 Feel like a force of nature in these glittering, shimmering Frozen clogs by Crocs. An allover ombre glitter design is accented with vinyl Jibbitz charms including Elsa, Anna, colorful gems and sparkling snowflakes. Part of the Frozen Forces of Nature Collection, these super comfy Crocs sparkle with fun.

-- -- --

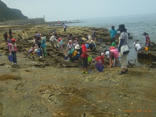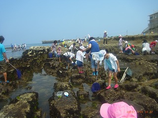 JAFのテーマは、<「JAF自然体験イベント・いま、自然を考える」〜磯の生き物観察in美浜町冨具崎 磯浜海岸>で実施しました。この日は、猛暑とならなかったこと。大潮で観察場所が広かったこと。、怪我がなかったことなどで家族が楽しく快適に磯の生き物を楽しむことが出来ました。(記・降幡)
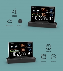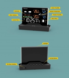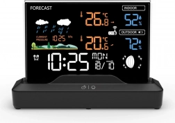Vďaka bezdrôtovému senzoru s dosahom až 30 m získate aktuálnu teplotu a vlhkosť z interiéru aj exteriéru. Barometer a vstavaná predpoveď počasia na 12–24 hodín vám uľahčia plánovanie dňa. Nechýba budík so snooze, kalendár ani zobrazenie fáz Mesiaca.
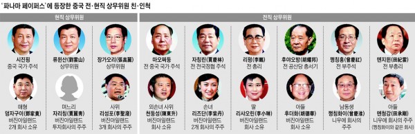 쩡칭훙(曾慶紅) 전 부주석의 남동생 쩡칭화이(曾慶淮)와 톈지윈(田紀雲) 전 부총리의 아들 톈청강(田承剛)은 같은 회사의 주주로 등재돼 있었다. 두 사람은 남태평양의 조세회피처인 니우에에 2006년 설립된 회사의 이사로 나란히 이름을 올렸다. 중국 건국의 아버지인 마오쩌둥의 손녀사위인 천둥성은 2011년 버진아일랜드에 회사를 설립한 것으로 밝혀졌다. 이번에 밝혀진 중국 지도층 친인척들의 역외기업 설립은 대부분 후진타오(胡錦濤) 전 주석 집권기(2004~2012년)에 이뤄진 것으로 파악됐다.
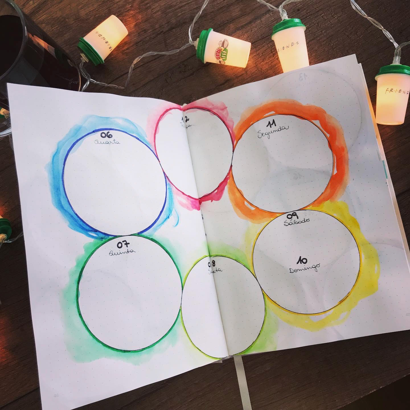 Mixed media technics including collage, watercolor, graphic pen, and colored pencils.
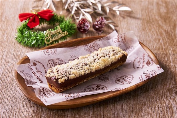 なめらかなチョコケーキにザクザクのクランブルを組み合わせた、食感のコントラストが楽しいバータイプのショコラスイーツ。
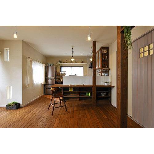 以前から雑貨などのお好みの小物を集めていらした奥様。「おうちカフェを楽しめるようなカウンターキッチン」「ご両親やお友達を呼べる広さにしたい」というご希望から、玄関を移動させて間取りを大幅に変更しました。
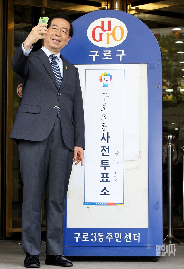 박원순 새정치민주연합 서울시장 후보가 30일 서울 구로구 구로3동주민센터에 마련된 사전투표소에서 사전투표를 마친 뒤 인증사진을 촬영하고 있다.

-- -- --

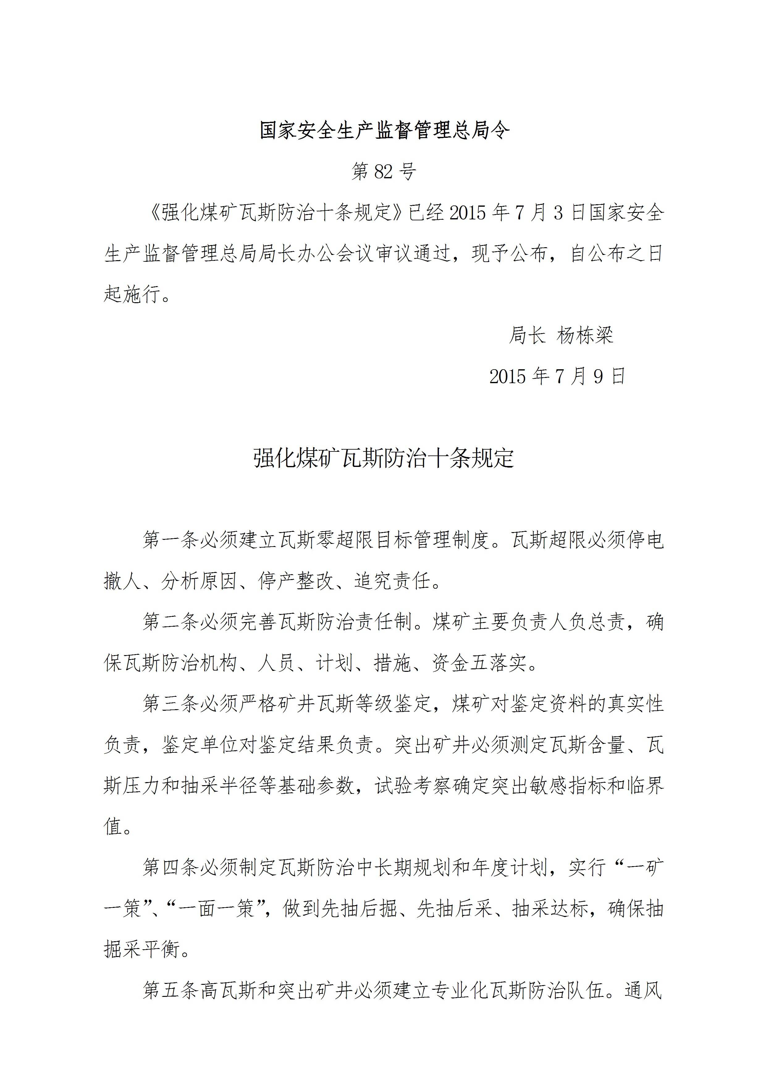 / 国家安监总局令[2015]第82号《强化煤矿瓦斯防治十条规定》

-- -- --

• [What is needed]
Output exactly, and only, the lines of the entries above from the one with "なめらかなチョコケーキにザク" up to and including the one with "박원순 새정치민주연합 서울시장"; pictures are to be left out.

• [Task solution]
 なめらかなチョコケーキにザクザクのクランブルを組み合わせた、食感のコントラストが楽しいバータイプのショコラスイーツ。
 以前から雑貨などのお好みの小物を集めていらした奥様。「おうちカフェを楽しめるようなカウンターキッチン」「ご両親やお友達を呼べる広さにしたい」というご希望から、玄関を移動させて間取りを大幅に変更しました。
 박원순 새정치민주연합 서울시장 후보가 30일 서울 구로구 구로3동주민센터에 마련된 사전투표소에서 사전투표를 마친 뒤 인증사진을 촬영하고 있다.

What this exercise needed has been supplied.